◆ EXERCISE AIM ◆
I'd like the entries reproduced exactly, with the images omitted.

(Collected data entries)
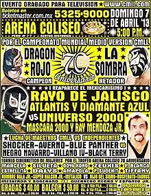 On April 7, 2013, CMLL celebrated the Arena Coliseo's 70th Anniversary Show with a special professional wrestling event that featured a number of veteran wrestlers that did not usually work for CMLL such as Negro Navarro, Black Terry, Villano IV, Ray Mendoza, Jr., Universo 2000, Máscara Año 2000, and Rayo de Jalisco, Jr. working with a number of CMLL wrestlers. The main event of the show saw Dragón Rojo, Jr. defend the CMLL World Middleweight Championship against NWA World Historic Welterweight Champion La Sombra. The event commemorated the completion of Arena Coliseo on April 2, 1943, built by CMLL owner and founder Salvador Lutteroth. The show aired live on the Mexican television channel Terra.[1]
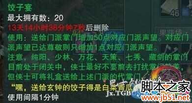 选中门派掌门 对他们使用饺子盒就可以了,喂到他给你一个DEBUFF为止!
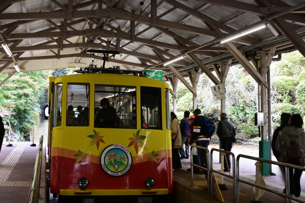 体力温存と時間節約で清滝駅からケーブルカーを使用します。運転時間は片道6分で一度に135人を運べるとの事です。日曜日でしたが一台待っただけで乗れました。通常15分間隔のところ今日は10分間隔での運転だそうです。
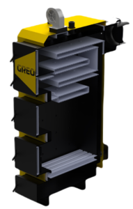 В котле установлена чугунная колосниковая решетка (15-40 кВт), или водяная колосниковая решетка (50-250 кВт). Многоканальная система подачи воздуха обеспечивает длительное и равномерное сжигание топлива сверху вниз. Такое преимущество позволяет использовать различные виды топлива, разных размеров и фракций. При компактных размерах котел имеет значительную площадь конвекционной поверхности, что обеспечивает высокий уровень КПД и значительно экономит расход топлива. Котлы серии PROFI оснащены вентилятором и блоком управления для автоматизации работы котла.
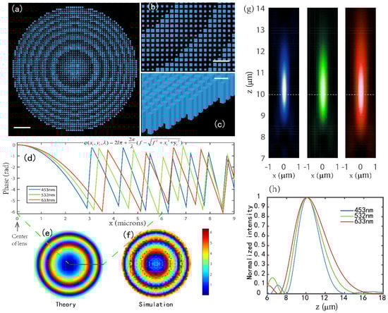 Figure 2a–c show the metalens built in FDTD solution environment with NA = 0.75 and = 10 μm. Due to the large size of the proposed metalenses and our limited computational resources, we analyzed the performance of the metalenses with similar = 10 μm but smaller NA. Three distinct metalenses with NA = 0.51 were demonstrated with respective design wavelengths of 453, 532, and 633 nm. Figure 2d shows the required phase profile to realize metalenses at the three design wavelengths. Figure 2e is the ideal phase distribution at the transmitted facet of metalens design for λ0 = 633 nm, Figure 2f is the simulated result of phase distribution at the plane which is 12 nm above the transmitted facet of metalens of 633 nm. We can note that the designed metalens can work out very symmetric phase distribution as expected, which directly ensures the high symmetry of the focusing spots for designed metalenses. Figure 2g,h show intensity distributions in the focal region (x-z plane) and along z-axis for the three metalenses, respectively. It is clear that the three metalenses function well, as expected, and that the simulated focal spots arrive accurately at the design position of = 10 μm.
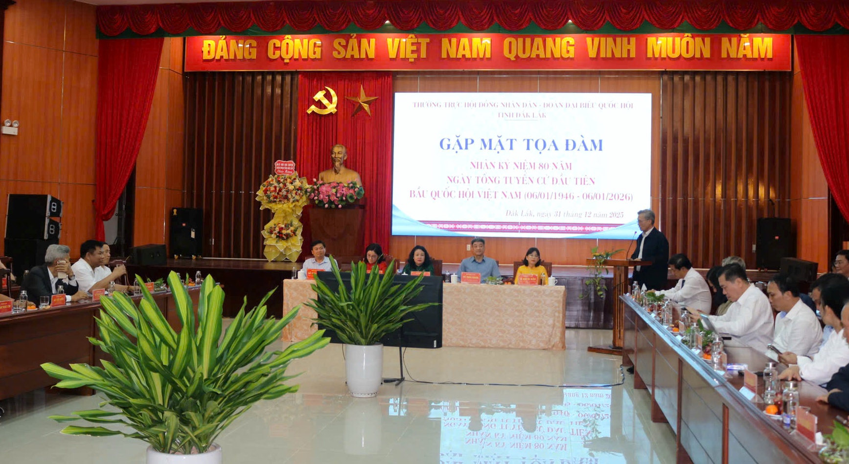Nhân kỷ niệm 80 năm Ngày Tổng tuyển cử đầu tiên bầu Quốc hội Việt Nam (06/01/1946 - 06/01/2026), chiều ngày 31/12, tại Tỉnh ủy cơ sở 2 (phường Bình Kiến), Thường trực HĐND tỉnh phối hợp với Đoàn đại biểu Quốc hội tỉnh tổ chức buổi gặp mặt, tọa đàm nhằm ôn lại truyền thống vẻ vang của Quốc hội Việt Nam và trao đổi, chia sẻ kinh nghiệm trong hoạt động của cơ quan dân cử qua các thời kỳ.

◆ COMPLETED EXERCISE ◆
 On April 7, 2013, CMLL celebrated the Arena Coliseo's 70th Anniversary Show with a special professional wrestling event that featured a number of veteran wrestlers that did not usually work for CMLL such as Negro Navarro, Black Terry, Villano IV, Ray Mendoza, Jr., Universo 2000, Máscara Año 2000, and Rayo de Jalisco, Jr. working with a number of CMLL wrestlers. The main event of the show saw Dragón Rojo, Jr. defend the CMLL World Middleweight Championship against NWA World Historic Welterweight Champion La Sombra. The event commemorated the completion of Arena Coliseo on April 2, 1943, built by CMLL owner and founder Salvador Lutteroth. The show aired live on the Mexican television channel Terra.[1]
 选中门派掌门 对他们使用饺子盒就可以了,喂到他给你一个DEBUFF为止!
 体力温存と時間節約で清滝駅からケーブルカーを使用します。運転時間は片道6分で一度に135人を運べるとの事です。日曜日でしたが一台待っただけで乗れました。通常15分間隔のところ今日は10分間隔での運転だそうです。
 В котле установлена чугунная колосниковая решетка (15-40 кВт), или водяная колосниковая решетка (50-250 кВт). Многоканальная система подачи воздуха обеспечивает длительное и равномерное сжигание топлива сверху вниз. Такое преимущество позволяет использовать различные виды топлива, разных размеров и фракций. При компактных размерах котел имеет значительную площадь конвекционной поверхности, что обеспечивает высокий уровень КПД и значительно экономит расход топлива. Котлы серии PROFI оснащены вентилятором и блоком управления для автоматизации работы котла.
 Figure 2a–c show the metalens built in FDTD solution environment with NA = 0.75 and = 10 μm. Due to the large size of the proposed metalenses and our limited computational resources, we analyzed the performance of the metalenses with similar = 10 μm but smaller NA. Three distinct metalenses with NA = 0.51 were demonstrated with respective design wavelengths of 453, 532, and 633 nm. Figure 2d shows the required phase profile to realize metalenses at the three design wavelengths. Figure 2e is the ideal phase distribution at the transmitted facet of metalens design for λ0 = 633 nm, Figure 2f is the simulated result of phase distribution at the plane which is 12 nm above the transmitted facet of metalens of 633 nm. We can note that the designed metalens can work out very symmetric phase distribution as expected, which directly ensures the high symmetry of the focusing spots for designed metalenses. Figure 2g,h show intensity distributions in the focal region (x-z plane) and along z-axis for the three metalenses, respectively. It is clear that the three metalenses function well, as expected, and that the simulated focal spots arrive accurately at the design position of = 10 μm.
Nhân kỷ niệm 80 năm Ngày Tổng tuyển cử đầu tiên bầu Quốc hội Việt Nam (06/01/1946 - 06/01/2026), chiều ngày 31/12, tại Tỉnh ủy cơ sở 2 (phường Bình Kiến), Thường trực HĐND tỉnh phối hợp với Đoàn đại biểu Quốc hội tỉnh tổ chức buổi gặp mặt, tọa đàm nhằm ôn lại truyền thống vẻ vang của Quốc hội Việt Nam và trao đổi, chia sẻ kinh nghiệm trong hoạt động của cơ quan dân cử qua các thời kỳ.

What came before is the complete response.